1. The utility model provides a counter weight rotating device, includes the supporting seat, rotates to bear in the transmission shaft of supporting seat, set up in the load platform and the transmission of transmission shaft connect in the power supply of transmission shaft one end, its characterized in that includes:

2. The counterweight rotating apparatus according to claim 1 wherein said support base comprises a first large arm and a second large arm, said drive shaft being rotatably connected between said first large arm and said second large arm, said power source being located outside of said first large arm remote from said second large arm; the counterweight assembly is located on the outer side of the second large arm away from the first large arm.

3. The counterweight rotation means of claim 2 wherein said hydraulic cylinder is hinged at an end remote from said rotating wheel to a fixed plate, and said fixed plate is hinged at an end remote from said hydraulic cylinder to said second large arm.

4. The counterweight rotating device according to any one of claims 1-3, further comprising a positioning assembly, wherein the positioning assembly comprises a first positioning member, a second positioning member and a third positioning member, the first positioning member and the second positioning member are disposed on the side wall of the transmission shaft, the third positioning member is disposed on the supporting seat, the third positioning member is respectively abutted and matched with the first positioning member and the second positioning member, when the first positioning member is abutted against the third positioning member, the load platform is located at the bottom of the lifting stroke, and when the second positioning member is abutted against the third positioning member, the load platform is located at the top of the lifting stroke.
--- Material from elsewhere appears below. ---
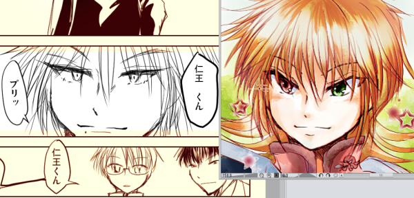 この二人が似てるなーって自分で思ってておともだちに似てるよねwと言ったら全然似てない大丈夫! って言われて、実際並べてみるとそんなに似てない…か。男女だしな。たぶん基本パーツ傾向(目とか顔周りの髪の毛)と自分で描く時の表情の付け方傾向が似てるんだろうな。そもそも性格は似てないし。仁王さんは口が達者で食わせ者系、右の子は直情径行口より先に手が出る系。
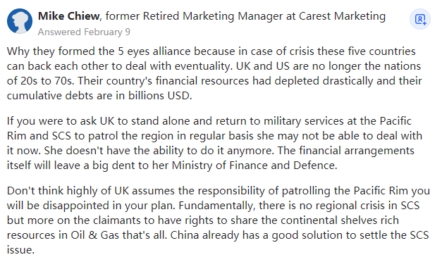 Carest Marketing前退休营销经理,生活在马来西亚吉隆坡他们之所以成立五眼联盟,是因为一旦发生危机,这五个国家可以互相支持,以应对不测。英国和美国不再是上世纪20到70年代的强国了,他们国家的财政资源急剧枯竭,累积的债务高达数万亿美元。如果你要求英国海军单独重返环太平洋和南海地区,并定期巡逻该地区,她现在可能无法应付。她已经没有能力再这样做了,否则这将给她的财政和国防开支留下一个巨大的缺口。不要对英国承担环太平洋巡逻的责任期望过高,否则你会对你的计划感到失望。从根本上说,南海没有区域性危机,更多的是主权声索方在要求分享大陆架上丰富的石油和天然气资源,仅此而已。中国已经有了解决南海问题的好办法。我是英国人。中国在当今世界上是一个比英国要大得多的玩家,我希望中国能取得成功,弥补我国留下的所有烂摊子。然而,我希望中国更公平一些,从历史中吸取一些教训,不要像英国人当年做的那样。former Controller,B.Comm, Profes Accountant from University of TorontoGraduated 1976

5. A counterweight rotation means according to claim 4 wherein there are two sets of said positioning assemblies.

6. The counterweight rotating apparatus according to claim 4, further comprising a detecting component for detecting a rotation angle of the transmission shaft and an electric control unit electrically connected to the detecting component, wherein the electric control unit is configured to receive a detection signal from the detecting component to control the power source and the hydraulic cylinder to start and stop.

7. The counterweight rotating apparatus according to claim 6, wherein the detecting assembly comprises a first detecting member, a second detecting member, a third detecting member and a fourth detecting member, the third detecting member is in inductive engagement with the first detecting member, the fourth detecting member is in inductive engagement with the second detecting member, the first detecting member is disposed on the first positioning member, the second detecting member is disposed on the second positioning member, and the third detecting member and the fourth detecting member are disposed on the supporting base;

8. The counterweight rotating device according to claim 6, wherein the detecting assembly comprises a fifth detecting member, a sixth detecting member, a triggering member and a sensing member, the fifth detecting member and the sixth detecting member are detachably connected to the outer side of the rotating wheel, the triggering member is hinged to the supporting seat, the free end of the triggering member is in rolling fit with the rotating wheel, the sensing member is arranged on the supporting seat, the sensing member is arranged on one side of the triggering member away from the rotating wheel, and the triggering member is in sensing fit with the sensing member;

9. The counterweight rotation apparatus of claim 8 wherein said rotating wheel is a cam, said cam including a large wheel end and a small wheel end, said large wheel end being connected to said drive shaft and said small wheel end being connected to said hydraulic cylinder; the fifth detection piece and the sixth detection piece are respectively clamped on the outer side of the bull wheel end, and are in axisymmetric distribution by taking a connecting line from the center of the bull wheel end to the center of the small wheel end as a symmetry axis.

10. A load carrying apparatus comprising at least one counterweight rotation device according to any one of claims 1-9.